What if all was stripped away and all you had was your faith? Would it be enough? I can’t answer that question, because I am blessed with a wonderful family. I am healthy. I never go hungry, and much of my happiness is tied to my role as a wife and mother of four children and ten grandchildren.
The real issue for me is that as a mom, I will have to choose (again!) to let go of my desires and trust God for what is best in the life of my daughter and son-in-law and granddaughter. This process of “letting go” of our children is one of the hardest things I have ever faced. From the time they started kindergarten, until the day they walked into the arms of their mate, letting go has been an ongoing process of surrender. It has never been easy for me, and I’ve described this process in two different ways: HORRIBLE.AND.WONDERFUL.
The key to my happiness and success has never really been in material things. My greatest joy has come from my husband and children. I would be lying if I said that I have never allowed my joy in the Lord to suffer because I have kept my focus on my family instead of on Jesus. I know–beyond a doubt–that He has called them to Madagascar, and because I know they are being obedient to His call, I can honestly say it is WONDERFUL.
There is nothing greater (as a parent) than knowing your children are following Jesus with all their heart.
The HORRIBLE part is the sacrifice that it involves for all of us. The separation will be painful. The temptation to worry will escalate. The struggles that they will have are very real.
BUT… our God is able–and I also believe without a doubt–He will sustain us, encourage us, provide for us, and comfort us as we depend on Him.
I don’t know if there are other missionary parents out there that will ever read this, but I want to say to you, “God bless you!” I never really understood, neither did I empathize or pray for you like I should have.
My heart is breaking, but my God is bringing joy in the midst of my pain. I will trust and depend on Him even more than before.
A dear lady in our church went to heaven this week, and at her funeral her two grandsons spoke of her favorite phrase, written at the bottom of every letter and card:
After all, isn’t that really the key?...
Categories: Bible, Christianity, Faith, Inspiration, Life, Truth from Scripture
Thank you for sharing! I am in the process of applying for overseas mission work with the IMB. Your words reminded me that I don’t have to be worried about all the trappings of the world and what I may leave behind, but instead to focus on God and His glory.
Reblogged this on wateringcanblog and commented:
Life has a way of changing how you see things, but the issue of surrender stays the same. When God asks you to surrender, what is the key to letting go?

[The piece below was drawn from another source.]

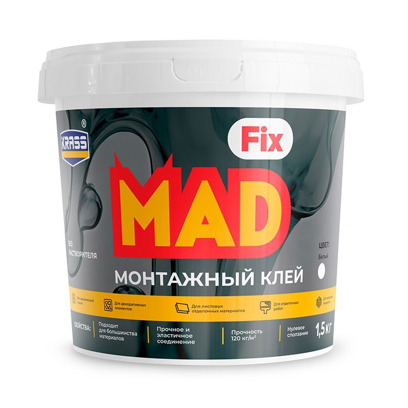 Клей монтажный универсальный MadFix Красс 1,5 кг водно-дисперсионный (жидкие гвозди) на акриловой основе предназначен для приклеивания и монтажа как тяжелых, так легких элементов и конструкций:

Our brother and sister-in-law lost everything in Hurricane Harvey. They didn’t have a choice–they had to let go of their earthly possessions, but their faith in God could never be washed away! We are trying to help them as they search for a way to begin again. Insurance did not cover flooding, so please pray for them to find housing in Houston, where thousands are clamoring for a place to live. Pray for their ministry at FBC Houston, where Don is a Minister to Singles and Denise works for Pastoral Care Ministries. If you would like to help them financially, I have set up a Go Fund Me page here: https://www.gofundme.com/don-munton-family
This is truly beautiful. This has not been an easy road for me and I know I have not handled many stretches of it very well. Knowing that, I am reaching out to people like you who are willing to share your own journey as I get a better grip on mine. I look forward to helping other moms who are entering this difficult stage in life. Thank you so much for sharing this inspiring post. Blessings to you and your family as your daughter and son-in-law answer the call to grow the Kingdom. You are called to be their mom and that is a high calling. 🙂
Thank you for linking me to this through your comment on my blog. What an inspiration this is for me!!

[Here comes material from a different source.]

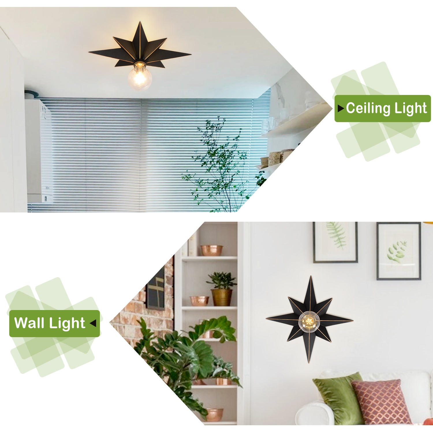 16 Inch Flush Mount Ceiling Light, Industrial Black Metal Star Ceiling Lights Black Metal

You’re very welcome–it’s the best part about blogging! ❤️
Dear Vickie, thank you for following my blog; http://www.beautifulcourageousyou.wordpress.com – I am excited to have found your blog also & I look forward to reading along x
I love all of the above Vickie. Jesus and faith is all we really have. He is for sure my joy, strength and peace. I could not make it through life without him and his word. You and your family will be in my prayers. As a mom of I can soooo relate to how you are feeling! We love all of you!
Oh my dear friend and her family. How comforting the promise is “God will make a way, when there seems to be no way. He works in ways we cannot see.” We love you.
So true, Jan! I will definitely be singing that song in the coming days… Thanks for the reminder!
Beautifully said, Vickie. I’m going to share this with my mom.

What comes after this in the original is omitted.